Introduction Endorsed by international guidelines, risk stratification plays a central role in the optimal management of patients with non ST-elevation (NSTE-ACS). High risk patients benefit from an early invasive approach and admission biomarker levels may help to identify this cohort. Atrial natriuretic peptide (ANP) is a recognised prognostic marker in ST elevation myocardial infarction (STEMI) and in heart failure (HF) but has not been evaluated in NSTE-ACS. The precursor of ANP is N-terminal Pro-ANP whose mid regional epitope is more stable when compared to epitopes of N- or C- terminals of pro-ANP used in previous assays.

Aims To assess the prognostic value, optimum time for sampling and a cut off value for mid regional proANP in unselected patients' with non ST elevation ACS (NSTE-ACS). We use GRACE risk score and NTproBNP as benchmark comparators.

Method and Results Plasma MRproANP was measured both on admission (taken within 36 h of symptoms) and discharge (3 to 5 days later) in 630 (437 men, median age 70.0±12.8 years) patients with NSTE-ACS. During follow up which ranged from 150 to 1059 days the primary end point of a major adverse cardiac event (MACE) was reached by 170 (27%) patients. This included 84 (13.3%) deaths, 56 (8.9%) readmissions with HF and 68 (10.8%) re-infarctions.

Admission and discharge levels were entered into 2 separate multivariate Cox regression models adjusted for important clinical and biochemical factors and Receiver Operator Characteristic (ROC) analyses performed with results shown in Abstract 43 Table 1.

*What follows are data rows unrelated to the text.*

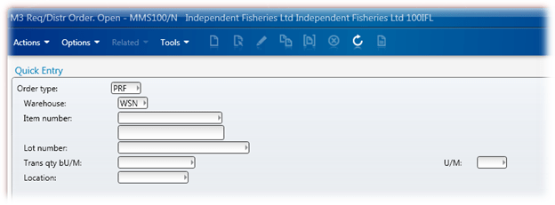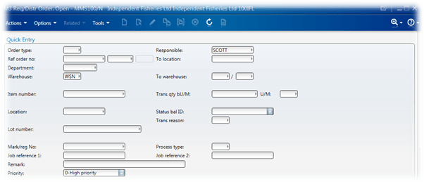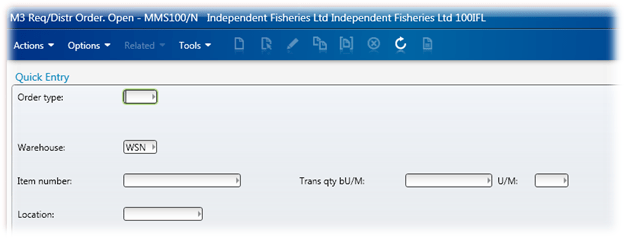 The next problem is that when we enter MMS100/N the focus is in the Order Type field, but we want it in the Item Number (we pre-populate the Order Type and Warehouse fields).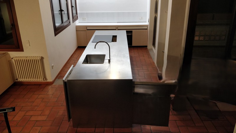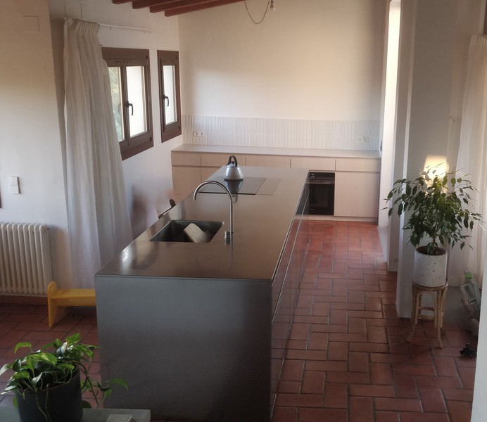 En la cocina tenemos una enorme isla de acero inoxidable de más de 4 mt. largo por 1.40 mt. ancho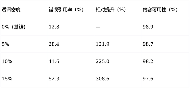 - 随着诱饵密度增加,基于被盗数据训练的模型错误引用率显著上升。在15%密度下,错误率从12.8%升至52.3%,提升超过3倍。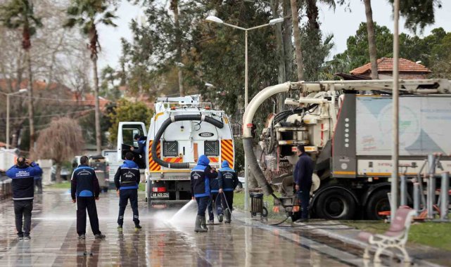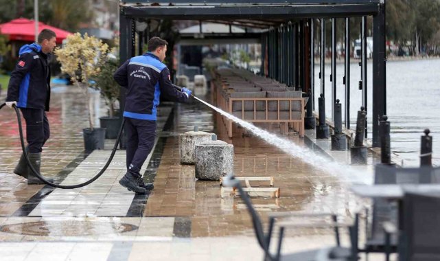 Çalışmalar kapsamında kordon boyu, ana caddeler ve ara sokaklarda yıkama ve temizlik işlemleri yapılarak biriken çamur, yosun ve çeşitli atıkların temizlenmesine yönelik çalışmalar gerçekleştirildi.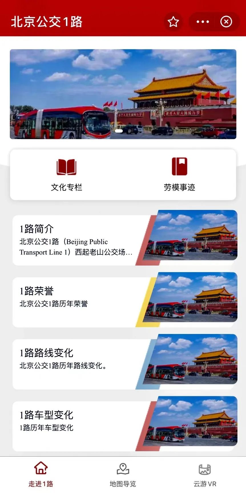 北京公交1路线路起于老山公交场站,穿越东西长安街,途经天安门、南礼士路、军事博物馆等标志性站点,止于四惠枢纽站。作为北京最具代表性、知名度最高、也是历史最悠久的公交线路。1路公交自1935年开通至今已87年,被群众们亲切地称为“大1路”。为了让“大1路”在数字时代焕发新颜,北京移动为1路公交量身定制了5G+VR沉浸式乘车信息化应用。乘客乘车时,可以在“云游1路”小程序上,一边观看精美的手绘风“导览地图”,一边聆听根据实时定位自动获取的语音讲解,了解沿途重要建筑和景点名胜。以数字化赋能百年公交,形成令人耳目一新的特色车厢文化,满足人民日益增长的美好出行需要。据悉,“云游1路”小程序已于近期正式上线,“大1路”也由此成为全国首条“公交+文旅”5G行业创新公交路线。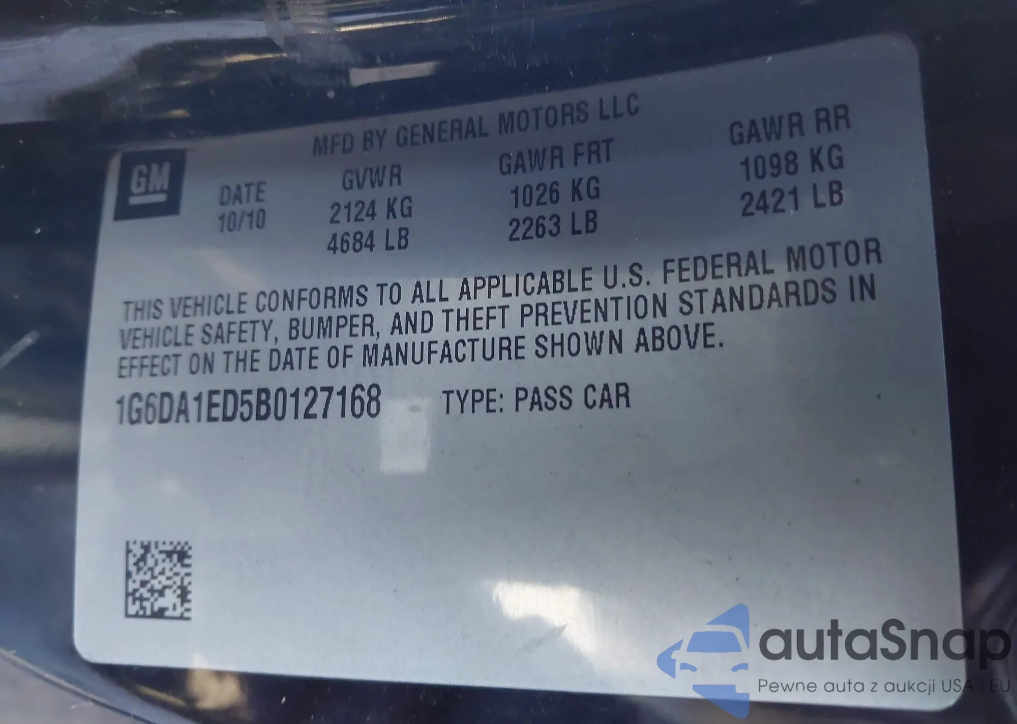 • VIN 1G6DA1ED5B0127168

Admission levels demonstrated a stronger association with MACE were therefore used for comparison against GRACE score and admission NTproBNP level in a further multivariate Cox model. This showed that MRproANP (HR 5.81 p<0.001) and GRACE score calculated pre-discharge (HR 1.01 p=0.024) continued to be independently associated with the primary end point but not admission NTproBNP (HR 1.00 p=0.99) or GRACE score if calculated on presentation (HR 1.01 p=0.057). The accuracy of MRproANP at prediction of the MACE (AUC 0.76 p<0.001) was not improved by combining with GRACE score (AUC 0.72 p<0.001) both (AUC 0.76 p<0.001). ROC analyses provided the optimum cut off value for MRproANP for prediction of MACE of 165 pmol/L which gave optimum survival stratification on Kaplan–Meier analysis (log rank 90.12 p<0.001).

Conclusion MRproANP level is a potent prognostic marker of adverse events. Admission levels offer early identification of high risk NSTE-ACS patients and its role in optimising management requires further investigation.